XZ almost happened again

Seems like pattern is clear and same as used to XZ full article on the link


I think there is a lot to be said of just how whimsically we use code and hide behind the banner of “It’s Open Source”. These types of attacks will not stop now, and there are so many dormant projects on the web, more is bound to happen.

As a consultant, I was always careful of what projects needed to have to be allowed onto our internal projects. Random, low participation and contribution, history meant a lot. There were hard a fast rules as to what I would allow.

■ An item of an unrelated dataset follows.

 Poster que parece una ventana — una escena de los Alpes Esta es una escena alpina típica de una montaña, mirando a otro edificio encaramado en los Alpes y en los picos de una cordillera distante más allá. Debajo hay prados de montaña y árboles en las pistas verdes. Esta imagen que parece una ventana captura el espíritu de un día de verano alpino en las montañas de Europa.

I saw a video from a YouTuber - The Primeagen on how many npm projects were dormant and years out of date. The number is staggering. It was highlighted that many people put things together for job interviews or resumes, some are meant to be abandoned. More discernment should be used.

1 Like

Writing high quality and widely useful software often gets little weight in academic hiring and promotion decisions. A “mission-critical” R package written as part of a PhD project once went missing. I couldn’t reach the developer, so did contact his PhD advisor – the last he had heard, the author of the package was driving a taxi.

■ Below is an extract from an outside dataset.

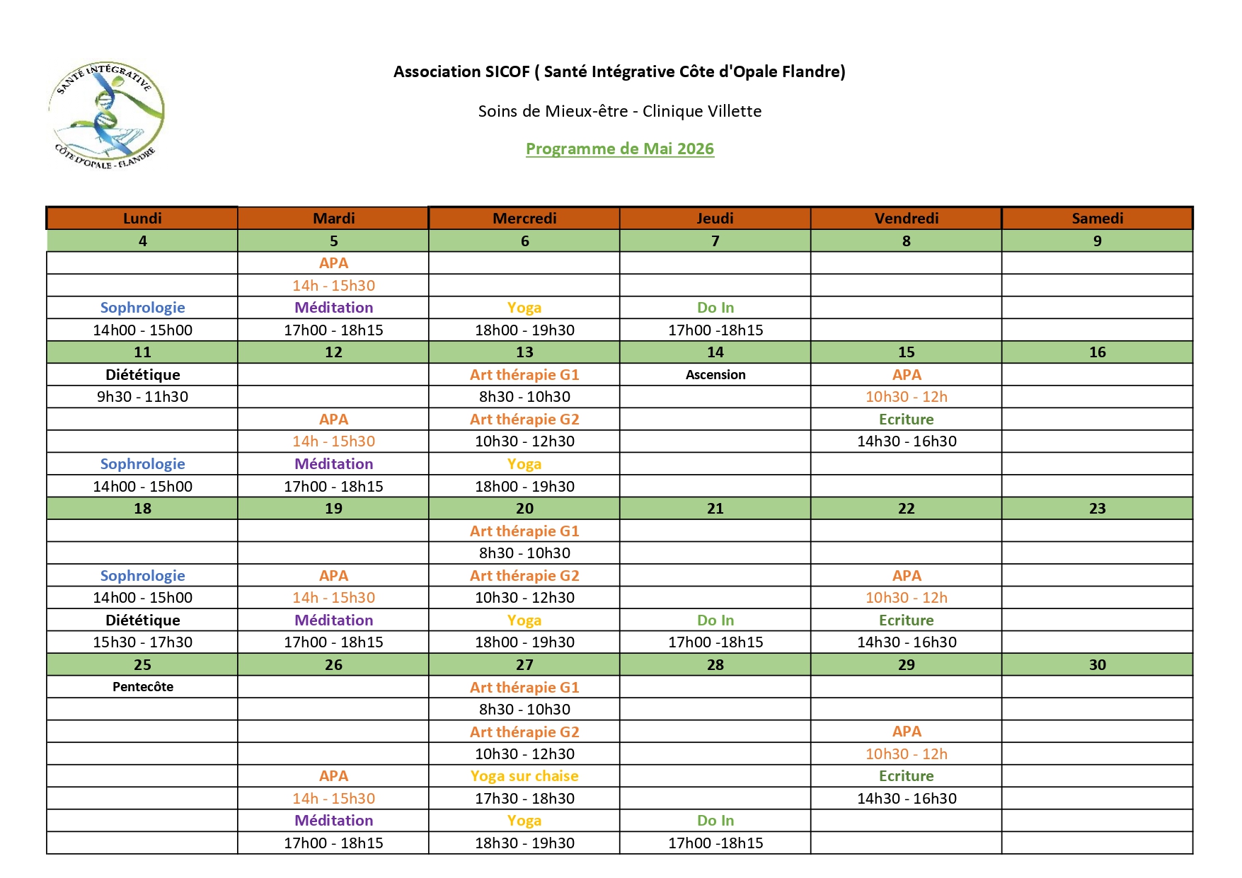 Planning Clinique Villette

I agree with the importance of vetting the packages used in a project. Some high-quality software, however, stands the test of time but doesn’t get ongoing support even at the most basic level needed to deal with changes in build and packaging systems. We need more scrutiny of the actual code in addition to indirect indicators like participation and contribution.

I would like to see more software subjected to the sort of peer-review we see in academia. Peer review is not perfect, but “open source peer reviewed” would make takeover attempts harder.

1 Like

There is JOSS:

It’s more limited to research software, but it’s a start.